**EXERCISE AIM:** Leave the pictures out and quote only the lines from the one with "La Virgen fue" down to the end of the listing below.
○ ○ ○ ○
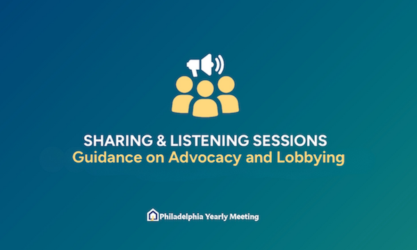 As many of you know, Philadelphia Yearly Meeting has been working to craft a Guidance on Advocacy and Lobbying to support the witness of our PYM groups (Councils, Collaboratives, and others engaged in activism). We have listened, Sprinted, threshed, and discerned the need and the contents of the Guidance on Advocacy and Lobbying draft document. It is our intention to bring this draft Guidance to Continuing Sessions in November 2025 for further discernment. Our goal is to bring PYM to unity on the Guidance for Advocacy and Lobbying. This listening session is a time for all Friends to read the draft, ask questions, and share insights.
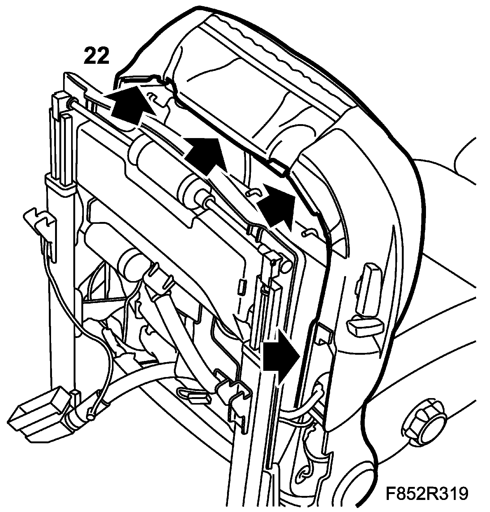 14. Remove the back of the backrest by pressing the back plate towards the top of the backrest at the same time as guiding the plate out from the backrest.
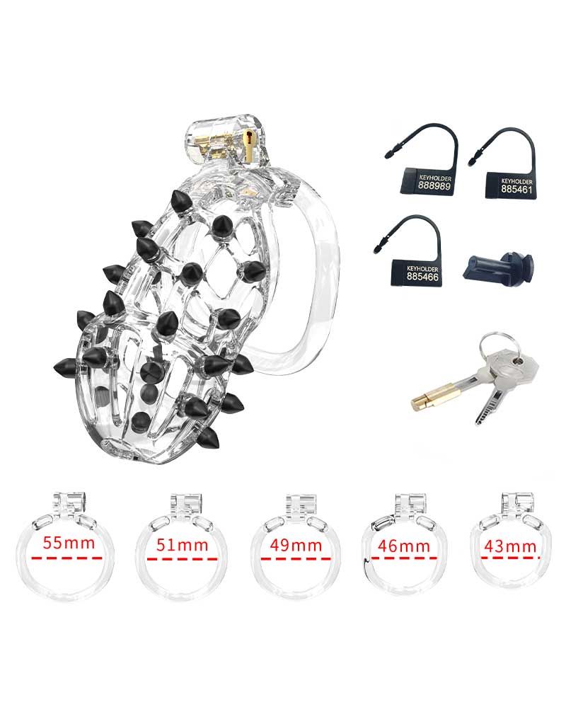 Transparante peniskooi maat L van hoogwaardig ABS-materiaal. Inclusief 5 ringen in verschillende maten. Comfortabel en duurzaam voor chastity.
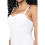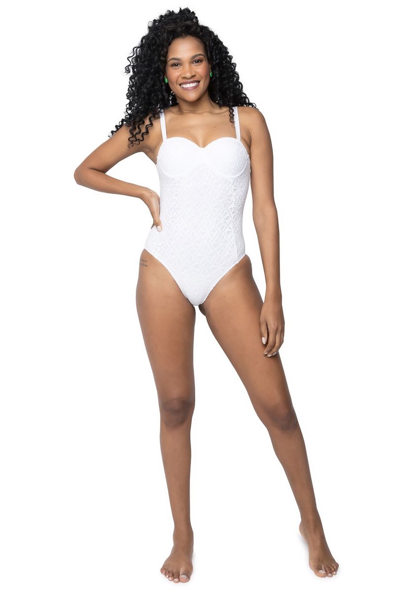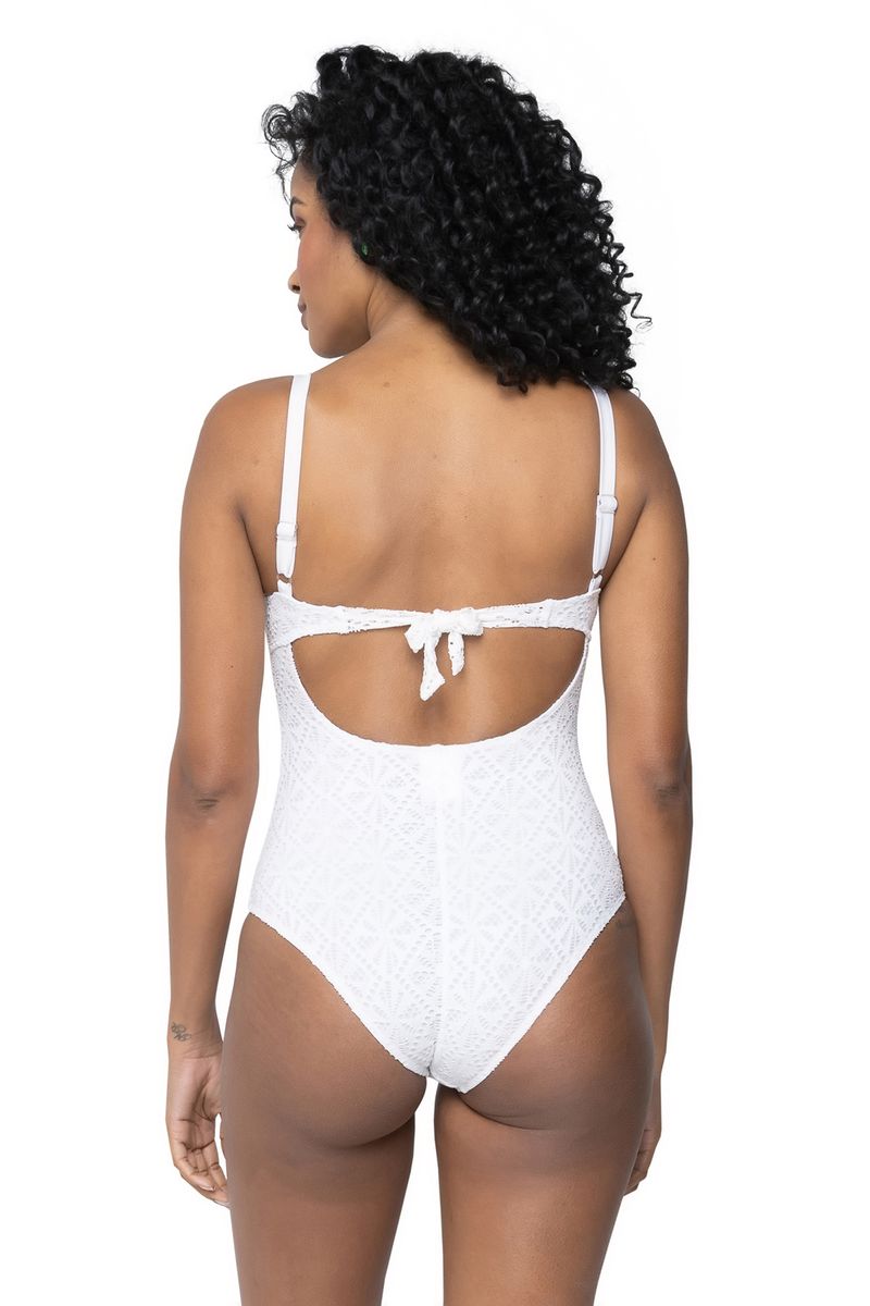 Maiô liso na cor branca, com decote cavado nas costas e amarração. Linda e super moderna, a peça ajusta-se delicadamente ao corpo. O modelo elegante proporciona um visual muito charmoso para os dias de verão na piscina ou praia.
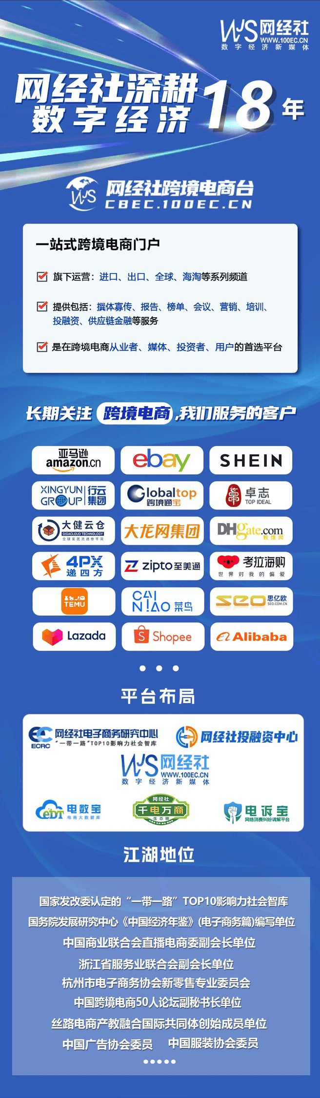 网经社深耕数字经济行业18年,持久关心跨境电商,旗下跨境电商台报道、研究的客户:1)出口跨境电商:阿里巴巴国际坐、全球资本、中国制制网、敦煌网、大龙网、拓拉思、领工云商、大健云仓、宝信全球、全球商业通、亚马逊全球开店、eBay、Temu、TikTok Shop、全球速卖通、Shopee、Lazada、出口时代、联络互动、安克立异、华凯易佰、patpat、致欧科技、赛维时代、星商、吉宏股份、子不语、兰亭集势、三态股份、遨森电商、星徽股份、绿联科技、傲基科技、棒谷科技、浩方集团。2)进口跨境电商:行云集团、海弘集团、集采、候鸟、麦帮科技、福猫供应链、天猫国际、京东国际、洋葱集团、55海淘、亚马逊海外购、海拍客、KK集团、你好世界。3)跨境电商办事商:卓志集团、珊瑚跨境、世贸通、泛鼎国际、价之链、易芽、来赞宝、海比电商、纵腾集团、西邮物流、燕文物流、递四方、菜鸟国际、至美通、泛远国际、乐舱物流、华贸物流、安骏物流、飞盒跨境、海管家、驿玛科技、Paypal、PingPong、连连国际、空中云汇、派安盈、丰泊国际、Skyee、易宝领取、寻汇SUNRATE、豆沙包、智汇鹅、蚂蚁国际、义领取、拉卡拉、中盈跨境、领星、店匠、易仓科技、积加、店小秘、欧税通、马帮ERP、擎天全税通、易达云、易点全国、力盟科技、飞书深诺、思亿欧、卧兔收集、红毛猩猩、外贸等。
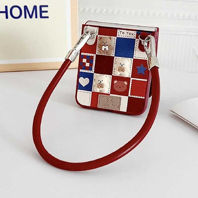 Θήκη κινητού Samsung Galaxy Z Flip6 με σχέδιο Λαττικού Μικρού Αρκούδου, πλήρης κάλυψη, με λουρί καρπού (Κόκκινο)
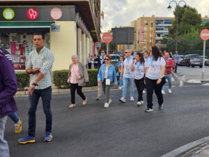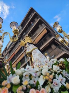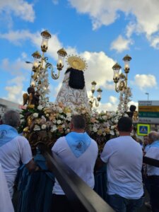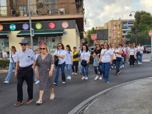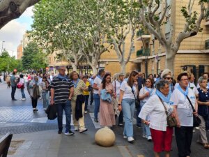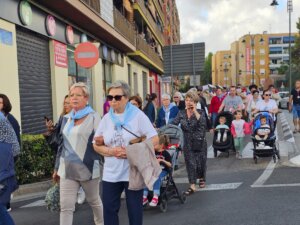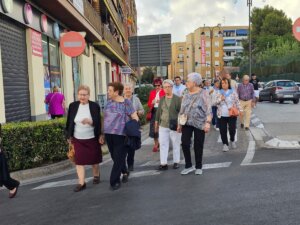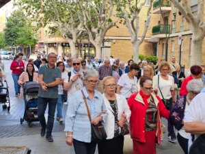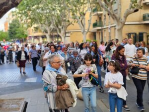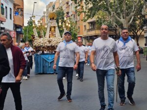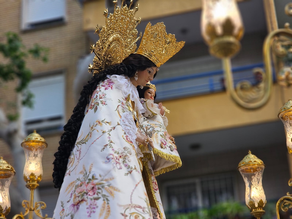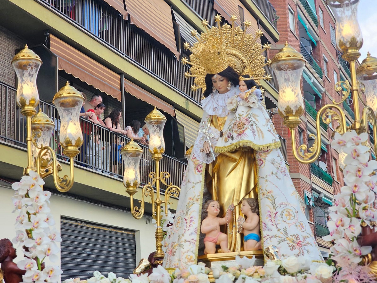 La Virgen fue recibida por comisiones de fiestas, falleras mayores y gran cantidad de personal que la acompañaron en su visita y, a su llegada, la fallera mayor de la comisión impuso a la imagen la insignia de la falla.
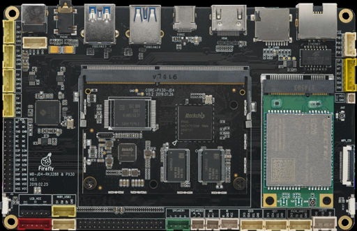 Отладочный комплект на процессоре Rockchip PX30 4-ядерный Cortex A35 , 1Гб оперативной памяти и 8Гб постоянной. Ethernet, LVDS/MIPI, Audio порты, 7 USB(1 OTG), SPI, I2C, UART . Работает с Android  и Linux
○ ○ ○ ○
**RESULT OF THIS TASK:**
 La Virgen fue recibida por comisiones de fiestas, falleras mayores y gran cantidad de personal que la acompañaron en su visita y, a su llegada, la fallera mayor de la comisión impuso a la imagen la insignia de la falla.
 Отладочный комплект на процессоре Rockchip PX30 4-ядерный Cortex A35 , 1Гб оперативной памяти и 8Гб постоянной. Ethernet, LVDS/MIPI, Audio порты, 7 USB(1 OTG), SPI, I2C, UART . Работает с Android  и Linux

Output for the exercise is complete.